*Assignment*. Please produce a character-exact copy of the listing that follows, omitting all images.

*Information given*.
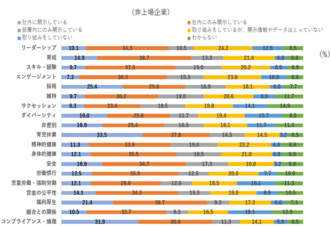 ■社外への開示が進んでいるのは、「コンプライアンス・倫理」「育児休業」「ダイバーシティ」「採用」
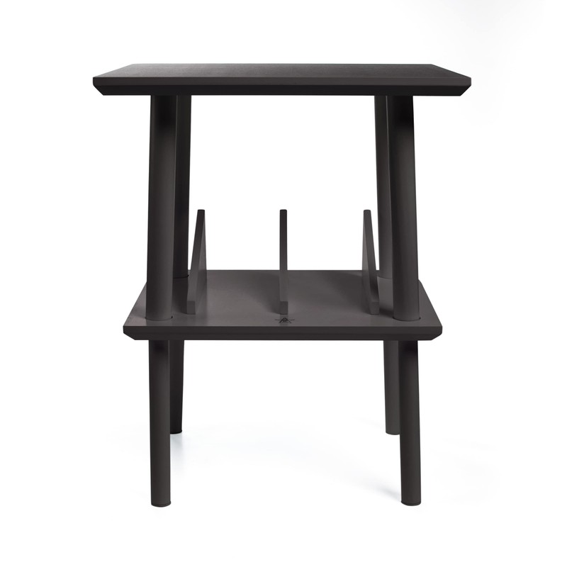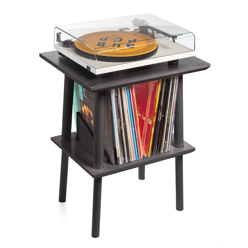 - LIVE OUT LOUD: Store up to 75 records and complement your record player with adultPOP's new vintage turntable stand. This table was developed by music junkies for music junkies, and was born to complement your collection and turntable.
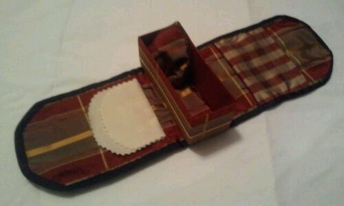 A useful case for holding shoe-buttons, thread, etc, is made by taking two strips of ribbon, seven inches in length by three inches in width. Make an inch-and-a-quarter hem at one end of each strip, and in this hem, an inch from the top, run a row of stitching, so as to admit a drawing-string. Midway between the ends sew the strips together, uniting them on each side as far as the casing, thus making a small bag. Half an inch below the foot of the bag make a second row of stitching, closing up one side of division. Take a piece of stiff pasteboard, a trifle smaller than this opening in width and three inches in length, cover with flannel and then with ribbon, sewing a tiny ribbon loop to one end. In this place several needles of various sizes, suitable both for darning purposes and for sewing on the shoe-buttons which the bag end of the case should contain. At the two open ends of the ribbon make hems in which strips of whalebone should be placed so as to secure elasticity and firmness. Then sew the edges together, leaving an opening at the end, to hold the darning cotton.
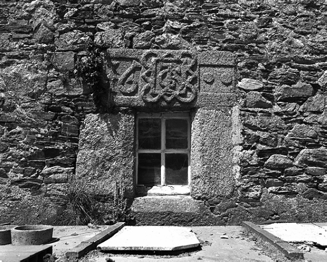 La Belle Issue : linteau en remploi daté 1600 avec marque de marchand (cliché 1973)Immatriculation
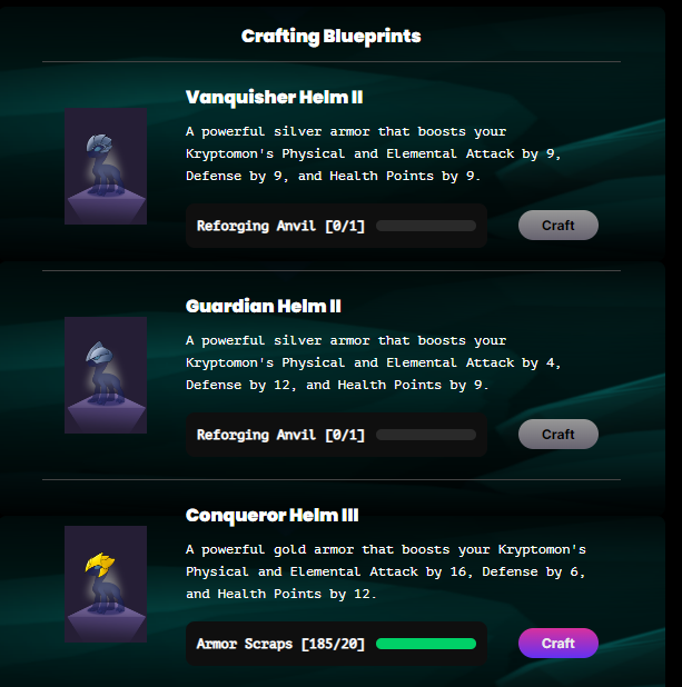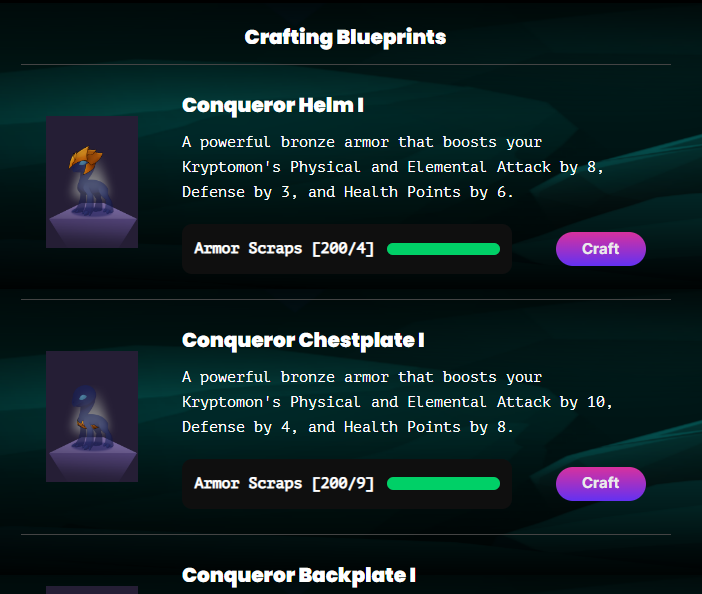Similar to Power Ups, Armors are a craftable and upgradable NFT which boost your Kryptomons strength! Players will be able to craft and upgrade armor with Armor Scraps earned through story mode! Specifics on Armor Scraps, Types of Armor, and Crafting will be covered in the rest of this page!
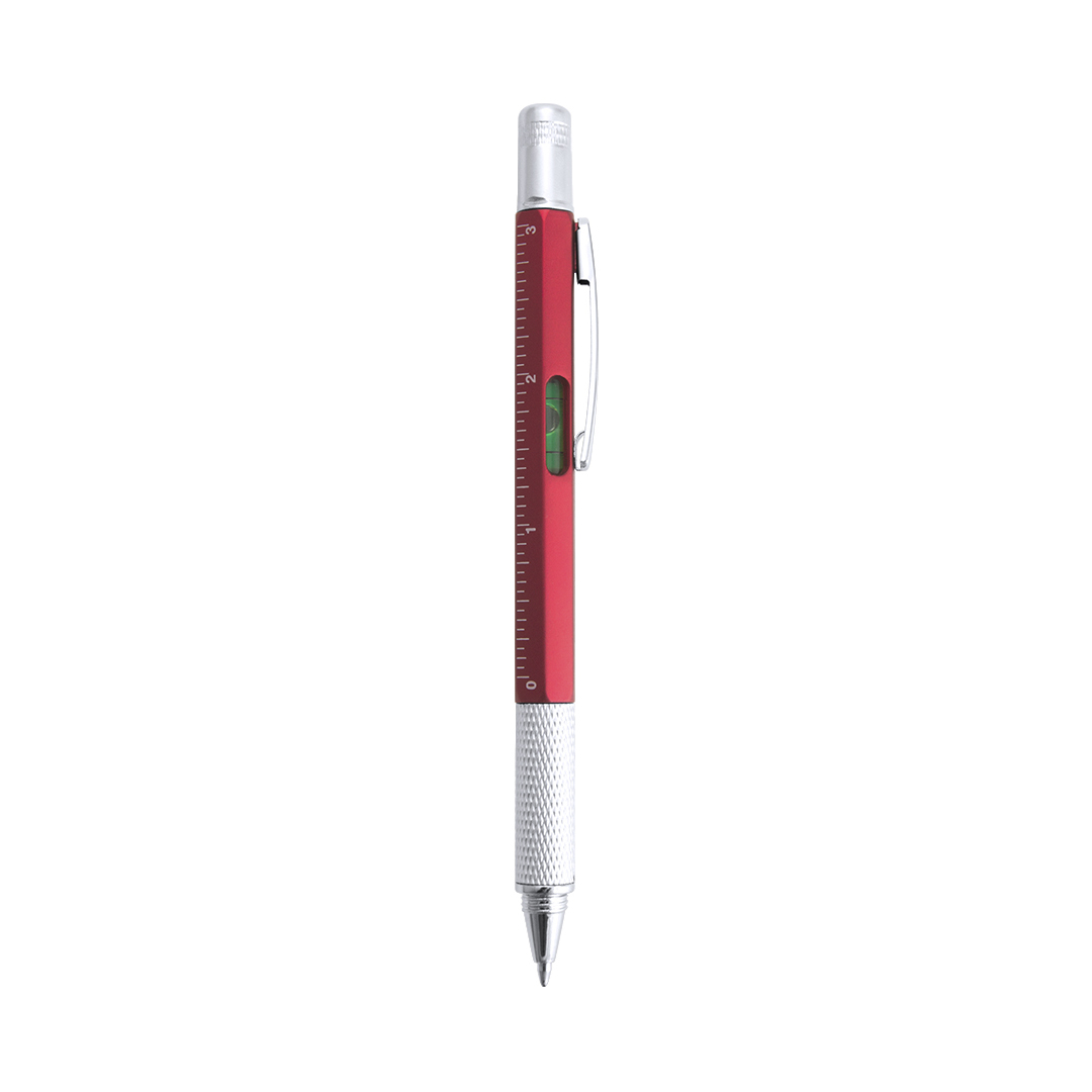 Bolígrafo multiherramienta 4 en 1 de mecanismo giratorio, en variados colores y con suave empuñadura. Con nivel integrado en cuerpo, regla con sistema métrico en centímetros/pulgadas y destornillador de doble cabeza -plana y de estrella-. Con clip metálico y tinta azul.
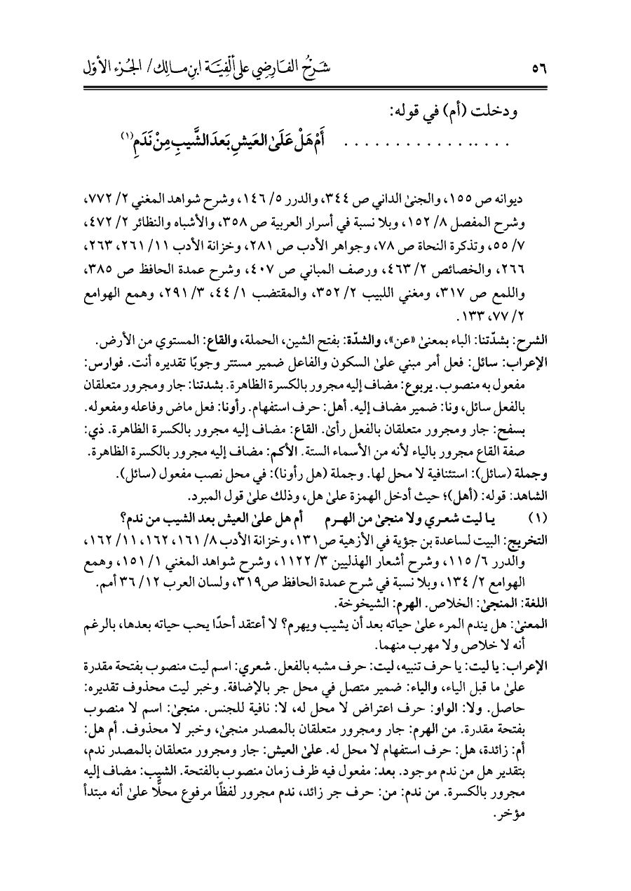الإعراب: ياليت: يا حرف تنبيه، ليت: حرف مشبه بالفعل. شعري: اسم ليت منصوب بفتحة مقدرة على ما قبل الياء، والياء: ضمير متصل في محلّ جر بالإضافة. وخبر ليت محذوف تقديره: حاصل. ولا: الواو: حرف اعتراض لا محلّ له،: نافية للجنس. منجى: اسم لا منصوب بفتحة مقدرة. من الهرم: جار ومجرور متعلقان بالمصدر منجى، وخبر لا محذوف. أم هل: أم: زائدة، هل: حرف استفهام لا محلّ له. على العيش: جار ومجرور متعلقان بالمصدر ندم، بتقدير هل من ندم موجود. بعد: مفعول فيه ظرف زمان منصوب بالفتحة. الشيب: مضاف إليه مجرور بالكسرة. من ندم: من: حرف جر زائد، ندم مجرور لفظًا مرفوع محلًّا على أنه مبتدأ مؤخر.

*Answer space*.
 ■社外への開示が進んでいるのは、「コンプライアンス・倫理」「育児休業」「ダイバーシティ」「採用」
 - LIVE OUT LOUD: Store up to 75 records and complement your record player with adultPOP's new vintage turntable stand. This table was developed by music junkies for music junkies, and was born to complement your collection and turntable.
 A useful case for holding shoe-buttons, thread, etc, is made by taking two strips of ribbon, seven inches in length by three inches in width. Make an inch-and-a-quarter hem at one end of each strip, and in this hem, an inch from the top, run a row of stitching, so as to admit a drawing-string. Midway between the ends sew the strips together, uniting them on each side as far as the casing, thus making a small bag. Half an inch below the foot of the bag make a second row of stitching, closing up one side of division. Take a piece of stiff pasteboard, a trifle smaller than this opening in width and three inches in length, cover with flannel and then with ribbon, sewing a tiny ribbon loop to one end. In this place several needles of various sizes, suitable both for darning purposes and for sewing on the shoe-buttons which the bag end of the case should contain. At the two open ends of the ribbon make hems in which strips of whalebone should be placed so as to secure elasticity and firmness. Then sew the edges together, leaving an opening at the end, to hold the darning cotton.
 La Belle Issue : linteau en remploi daté 1600 avec marque de marchand (cliché 1973)Immatriculation
Similar to Power Ups, Armors are a craftable and upgradable NFT which boost your Kryptomons strength! Players will be able to craft and upgrade armor with Armor Scraps earned through story mode! Specifics on Armor Scraps, Types of Armor, and Crafting will be covered in the rest of this page!
 Bolígrafo multiherramienta 4 en 1 de mecanismo giratorio, en variados colores y con suave empuñadura. Con nivel integrado en cuerpo, regla con sistema métrico en centímetros/pulgadas y destornillador de doble cabeza -plana y de estrella-. Con clip metálico y tinta azul.
الإعراب: ياليت: يا حرف تنبيه، ليت: حرف مشبه بالفعل. شعري: اسم ليت منصوب بفتحة مقدرة على ما قبل الياء، والياء: ضمير متصل في محلّ جر بالإضافة. وخبر ليت محذوف تقديره: حاصل. ولا: الواو: حرف اعتراض لا محلّ له،: نافية للجنس. منجى: اسم لا منصوب بفتحة مقدرة. من الهرم: جار ومجرور متعلقان بالمصدر منجى، وخبر لا محذوف. أم هل: أم: زائدة، هل: حرف استفهام لا محلّ له. على العيش: جار ومجرور متعلقان بالمصدر ندم، بتقدير هل من ندم موجود. بعد: مفعول فيه ظرف زمان منصوب بالفتحة. الشيب: مضاف إليه مجرور بالكسرة. من ندم: من: حرف جر زائد، ندم مجرور لفظًا مرفوع محلًّا على أنه مبتدأ مؤخر.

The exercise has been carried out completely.